The plaintiffs borrowed money from a lender linked with the Goryo-kai at an annual interest rate of more than 1,000 percent: the plaintiffs borrowed money from illegal loan outlets controlled by Kajiyama between November 2000 and May 2003; they were made to pay back the loans at exorbitant annual interest rates of between several hundred and several thousand percent–far higher than the maximum rate of 29.2 percent permitted under the Investment Deposit and Interest Rate Law, faced threats and coercive action during collection, the Yomiuri reported.
The plaintiffs argued that the loan contracts themselves were invalid as unethical contract and demanded ¥35 million in principal, interest and compensation for mental anguish, as well as punitive damages for unethical practices.
Profiteering
Borrowers can ask reimbursement of excessive payment exceeding a cap of the Interest Rate Restriction Law. The law declares that even if borrowers agree with their payment of excessive interest, the contracts are void. Therefore, the payment exceeding the cap of restricted rate become earnings no based on the legitimate contract. In other word, getting interest within the law shall be permitted.
Tort
If the interest rate is breach of the Investment Law that impose criminal sanction to the lending exceeding the cap interest on the law, borrowes can sue compensation claim based on tort to loan sharks. What extent of reimbursement can lenders deduct against borrower’s claim based on tort?
Views
One is that usuries can hold the profit to the extent to the cap of interest rate legitimated by the Interest Rate Restriction Law, in addition to the principal. Second view says that usury can only withhold his principal, therefore he can not ask to pay the interest even if it is legitimate.

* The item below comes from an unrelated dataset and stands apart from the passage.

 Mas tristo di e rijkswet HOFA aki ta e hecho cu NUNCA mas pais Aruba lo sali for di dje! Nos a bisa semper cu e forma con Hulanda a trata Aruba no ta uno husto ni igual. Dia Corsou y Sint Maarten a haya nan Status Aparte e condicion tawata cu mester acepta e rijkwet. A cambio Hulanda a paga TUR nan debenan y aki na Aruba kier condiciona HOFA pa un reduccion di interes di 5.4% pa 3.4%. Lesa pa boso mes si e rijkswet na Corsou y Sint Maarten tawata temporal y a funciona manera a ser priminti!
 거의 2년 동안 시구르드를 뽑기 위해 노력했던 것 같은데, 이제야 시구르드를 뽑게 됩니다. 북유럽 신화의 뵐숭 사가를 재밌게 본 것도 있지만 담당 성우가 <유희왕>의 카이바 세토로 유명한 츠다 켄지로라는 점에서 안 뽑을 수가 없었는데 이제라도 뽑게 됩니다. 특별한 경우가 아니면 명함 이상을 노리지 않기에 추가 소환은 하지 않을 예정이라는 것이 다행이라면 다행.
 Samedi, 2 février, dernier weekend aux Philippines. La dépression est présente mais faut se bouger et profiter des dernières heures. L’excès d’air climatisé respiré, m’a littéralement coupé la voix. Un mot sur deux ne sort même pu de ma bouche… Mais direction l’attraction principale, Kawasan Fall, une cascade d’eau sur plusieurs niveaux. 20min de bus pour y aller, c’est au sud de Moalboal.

Third opinion indicates that lenders have to pay all of repayment by borrowers: the lending by loan shark is “an unethical act” which is considered to be based on unlawful causation or inducement, therefore asking repayment of principal is breach of civil law (art. 708); therefore lenders can not withhold both interest and principal.
Lower Cout decisions
In June 2006, the Matsuyama District Court ordered the defendant, a operator of a gangster-linked moneylender, to pay about ¥3.6 million in compensation to seven of the 11 plaintiffs. However, the courf of appeal, Takamatsu High Court, overruled that decision in December that year, ordering Kajiyama to pay about ¥14 million to all 11 borrowers; in oher word, the defendant had been ordered to compensate the 11 plaintiffs only for interest.
Top Cour Decision
The focus of the trial was on whether the plaintiffs would be able to have their initial principals returned, as well as the illegal high interest payments they made.

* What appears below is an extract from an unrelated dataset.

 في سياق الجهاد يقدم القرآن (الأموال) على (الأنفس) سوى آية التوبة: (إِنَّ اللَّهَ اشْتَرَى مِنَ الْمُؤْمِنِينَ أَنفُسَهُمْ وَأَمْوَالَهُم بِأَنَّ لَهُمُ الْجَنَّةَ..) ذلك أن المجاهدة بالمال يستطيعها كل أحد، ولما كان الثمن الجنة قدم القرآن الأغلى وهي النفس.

The Supreme Court approved above third view and ordered the defendant loan shark to restore all repayment by a borrower: the court ruling applied a provision in the Civil Code that “the return of payments made for things contrary to public order and decency cannot be demanded” to the business of loan-sharking; the ruling indicated that loan sharks should not be able to demand victims who borrowed money from them pay back their loans and that the victims should be compensated for the entire amount they have already paid back; in a word, the court ordered a loan shark to compensate his customers for both the principal and the illegally exorbitant interest rates he charged, overruling a high court decision. The cour sent the case back to the Takamatsu High Court, ordering it to recalculate the award to include the principal.